On the shape of things to come

Lev Goldfarb GOLDFARB%UNB.CA at UNBMVS1.csd.unb.ca
Tue Jan 1 22:35:28 EST 1991


In view of the multidisciplinary background of members of this mailing
list and, more particularly, in view of some resent remarks (which I
don't want to quote since they may appear to have been taken out of the
context) about the specific ways of proceeding to our common goal -- an
analytical model of an "intelligent" system -- I feel compelled to draw
your attention to the following apparent paradox, if we are to accept
a more "direct" or "hands on" approach to the modeling of the brain.

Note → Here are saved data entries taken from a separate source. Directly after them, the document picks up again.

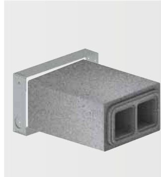
ComfoPipe Plus Dvojté potrubí & fixační spony

Venkovní a odvětrávaný vzduch je veden jen jedním instalačním prvkem, harmonicky včleněným do fasády. Díky promyšlené konstrukci je recirkulace odvětrávaného vzduchu zpět do objektu téměř vyloučena.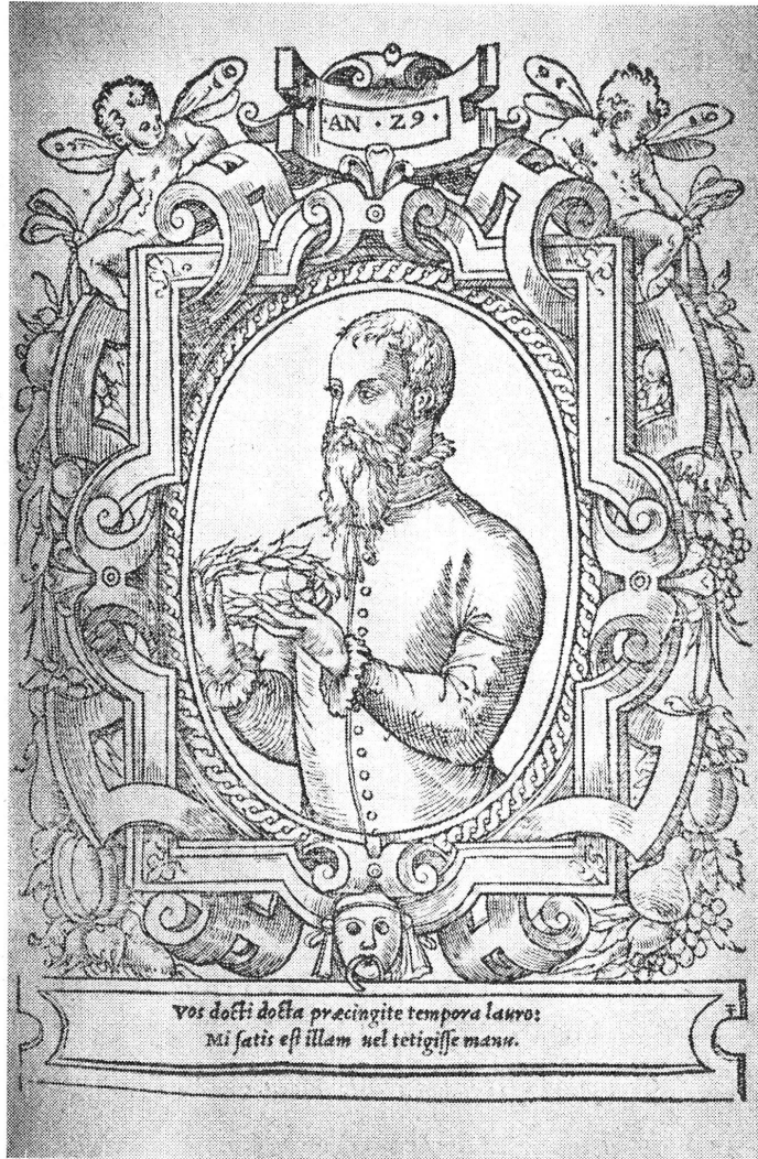
Fig. 18. — Frontispice des Poemata de Th. de Bèze (1548)

Voilà, à notre connaissance, les très rares données qui peuvent constituer, ou tenter d'enrichir, l'histoire de cette image du jeune patricien bourguignon. A ce propos, nous avons déjà signalé le portrait 10 de l'édition de 1548 des Poemata ; nous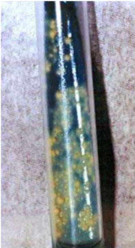
Kolonije Mycobacterium tuberculosis na čvrstoj Löwenstein-Jensen podlozi.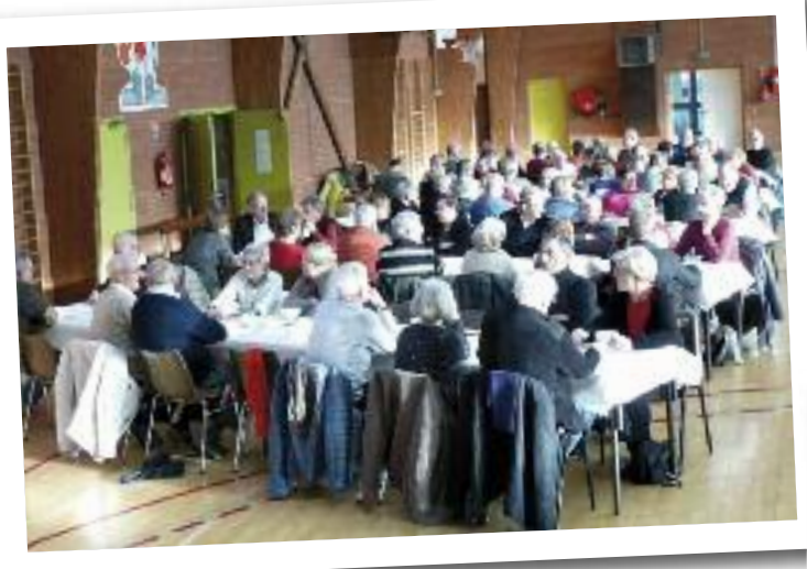
■ LE GOÛTER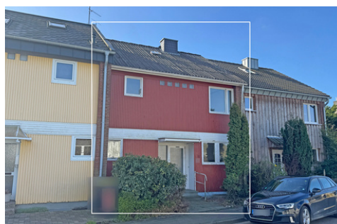
Ihr neues Zuhause mit Charakter: Gestalten Sie Ihr persönliches Wohnparadies!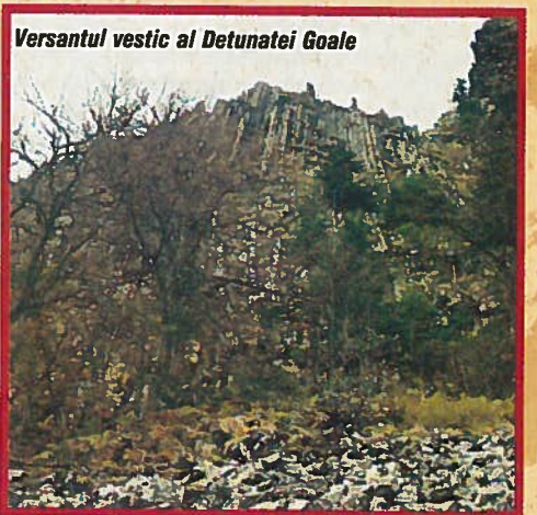
Versantul vestic al Detunatei Goale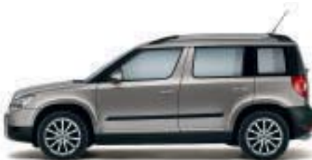
Beige Cappuccino metallizzato - 4K4K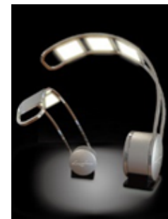
有機ELデスクスタンド (一般医療機器)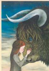
さとう ゆうすけ「ノロウェイの黒牛」 (文・なかがわ ちひろ、2019年3月10日発行) 原画 作家蔵 © 2019 lussuque Satoh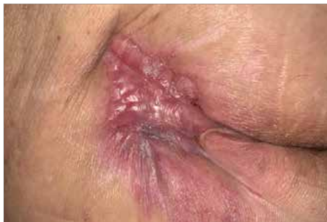
Figura 5. Giorno 92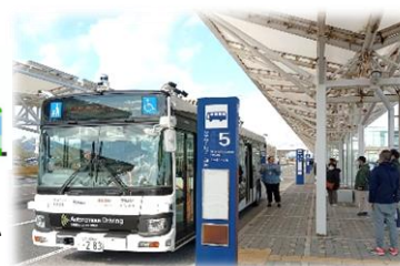
車両には、死角がないようにたくさんのカメラが設置されていました

12/12(木)~18(水)、北九州市と西日本鉄道による自動運転バスの実証運行(約10.5km)が行われました。導入することにより、運転士不足解消・バス路線の維持と体力的な負担の少ないシニアの方が活躍できる場を創出できるとのことです。参加された皆さんの、アンケートでの声が本格運行に繋がることでしょうか!ありがとうございました。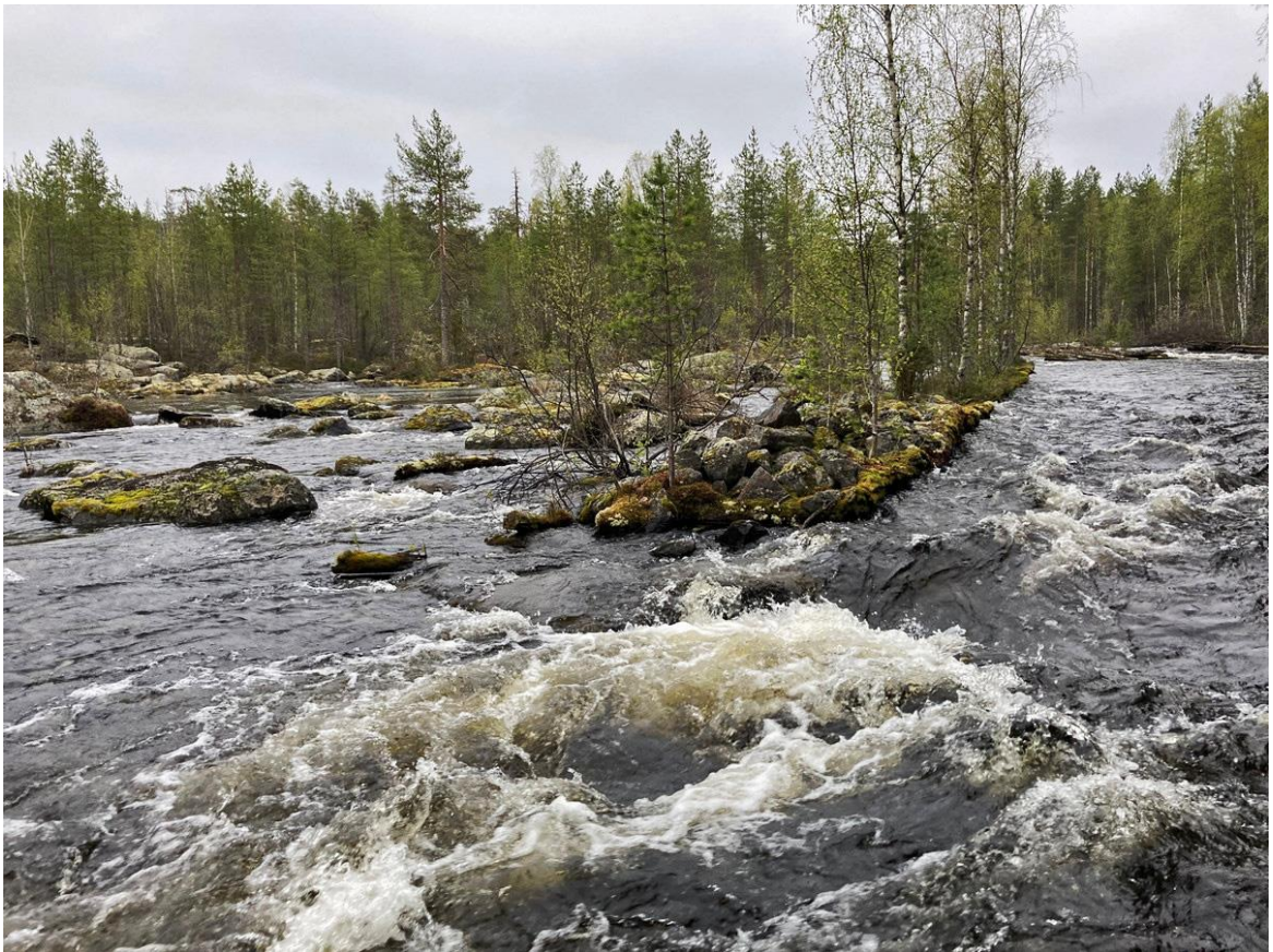
Фото 20. Верхний порог на Елме.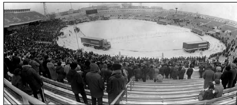
Мітынг на стадыёне «Дынама», 1989 год.

1944. У Маскве нарадзіўся Яўген Будзінас, беларускі пісьменнік, журналіст і бізнесовец. Выгадаваўся ў Вільні. Да літаратуры і журналістыкі працаваў слесарам, цесляром, настаўнікам. Стварыў у 1994 годзе ў Пухавіцкім раёне музей старажытных рамёстваў і тэхналогій «Дудуткі». Там непадалёк і пахаваны.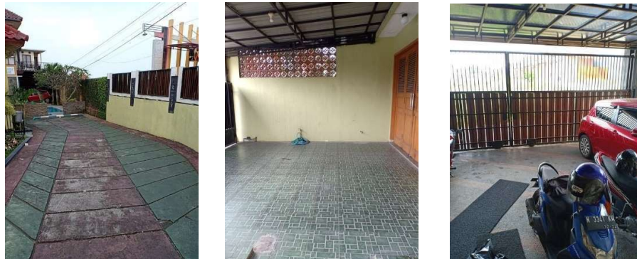
Gambar 1. 15 Area Parkir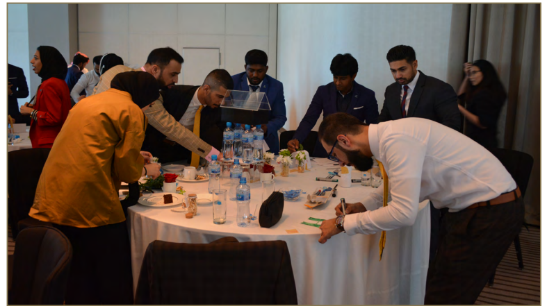
Team Building activities for "Kalam Telecom" and "Tawasul"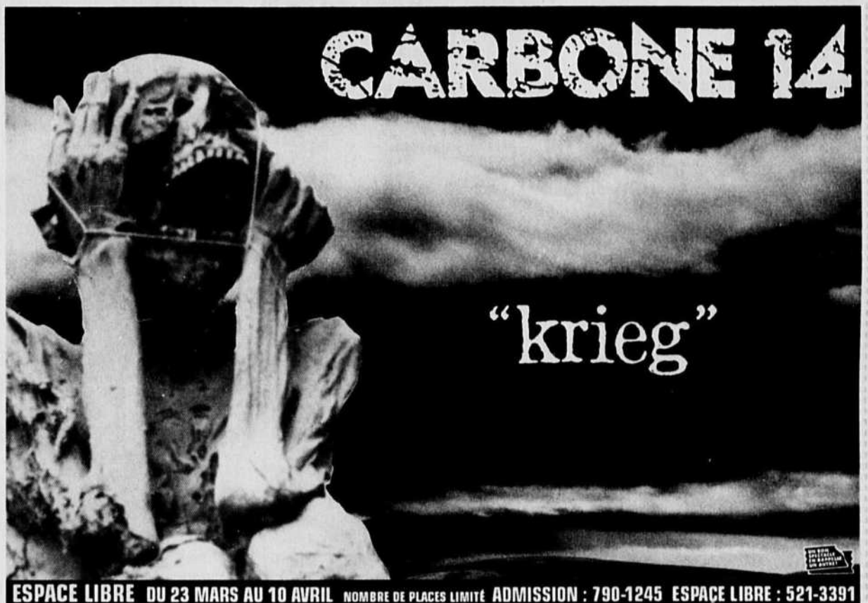
ESPACE LIBRE DU 23 MARS AU 10 AVRIL. NOMBRE DE PLACES LIMITÉ. ADMISSION: 790-1245. ESPACE LIBRE: 521-3391

Du Tallulah au New Orleans (rue St-Laurent!), où les Co-Locs lançaient mardi dernier un premier album, les étapes, sans être brûlées, ont été franchies rapidement. L'industrie a pris conscience de leur existence quand ils ont créé l'évène-

Most of us would probably agree that to model "intelligent" (biological,
irreversible) processes a fundamentally new mathematical models are
necessary. Is it possible then to proceed to construct these models in a
piecemeal fashion using "pieces" of the old mathematical models (that
were constructed for entirely different purposes) as one is compelled to
do under the "direct approach" philosophy? If it has been impossible
to do this within the confines of the same science, physics, it will
prove to be even less possible to do so for the biological processes.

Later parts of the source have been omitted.